The answer must reproduce all of the data below exactly and contain no images.

═════ DATASET EXTRACT ═════

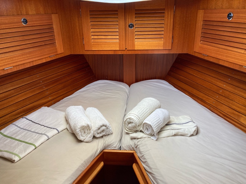 For the last two years this has been our home. The boys have enjoyed sharing the bunk room leaving the forepeak cabin for guests or as a playroom.
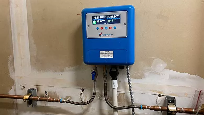 “The device is very simple: Two water lines, one in and one out, drainage and power. Not much to it,” he continues. “All Rich had to do was cut out the backflow preventer and the PRV, hook the water lines to the Mikrofill unit and hang the device on the wall. Fortunately, we had a 120-volt box hanging close by, right where we had planned to mount the device.”
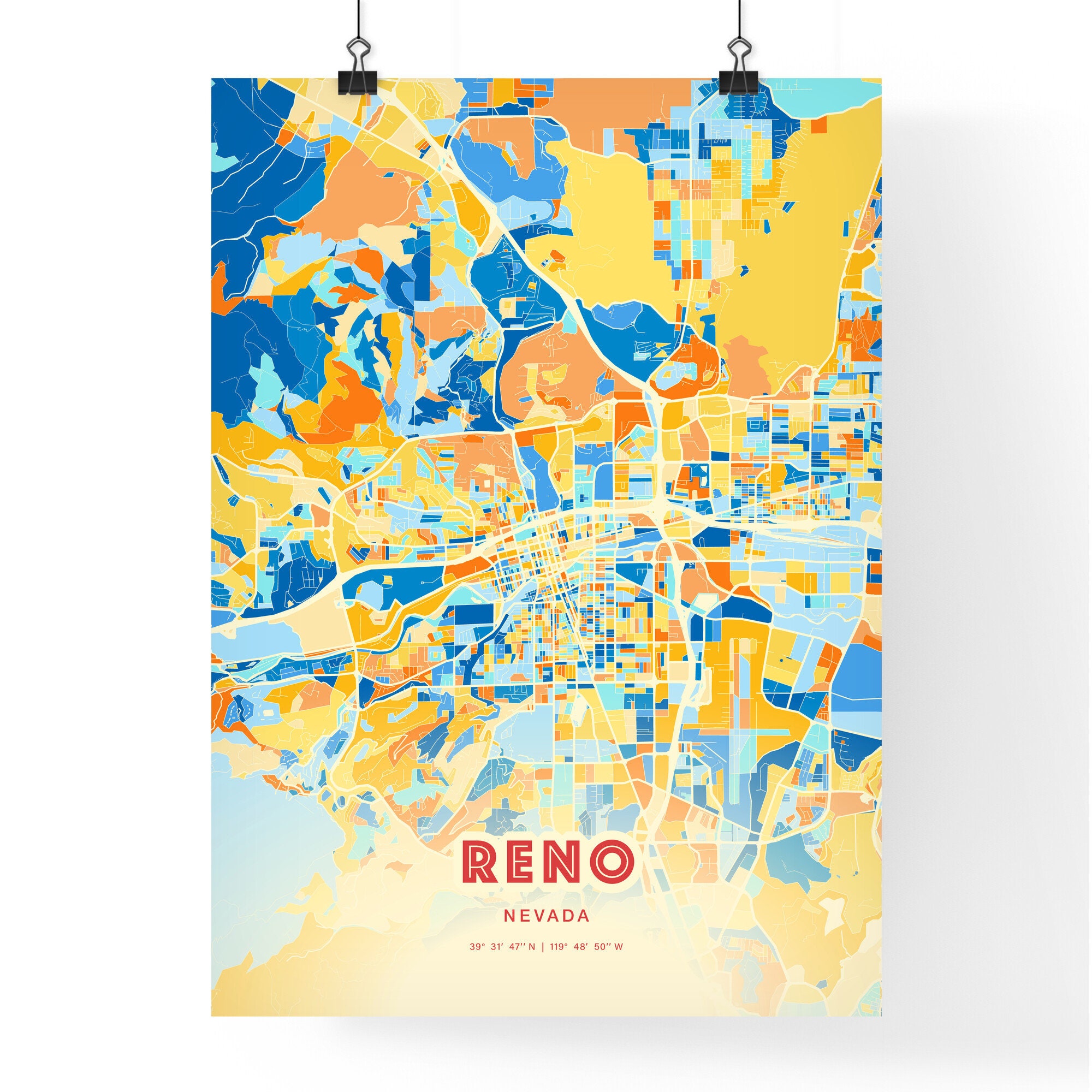 Colorful Reno Nevada Blue Orange Fine Art Print Reno Usa City Etsy

═════

▶ EXERCISE RESPONSE
 For the last two years this has been our home. The boys have enjoyed sharing the bunk room leaving the forepeak cabin for guests or as a playroom.
 “The device is very simple: Two water lines, one in and one out, drainage and power. Not much to it,” he continues. “All Rich had to do was cut out the backflow preventer and the PRV, hook the water lines to the Mikrofill unit and hang the device on the wall. Fortunately, we had a 120-volt box hanging close by, right where we had planned to mount the device.”
 Colorful Reno Nevada Blue Orange Fine Art Print Reno Usa City Etsy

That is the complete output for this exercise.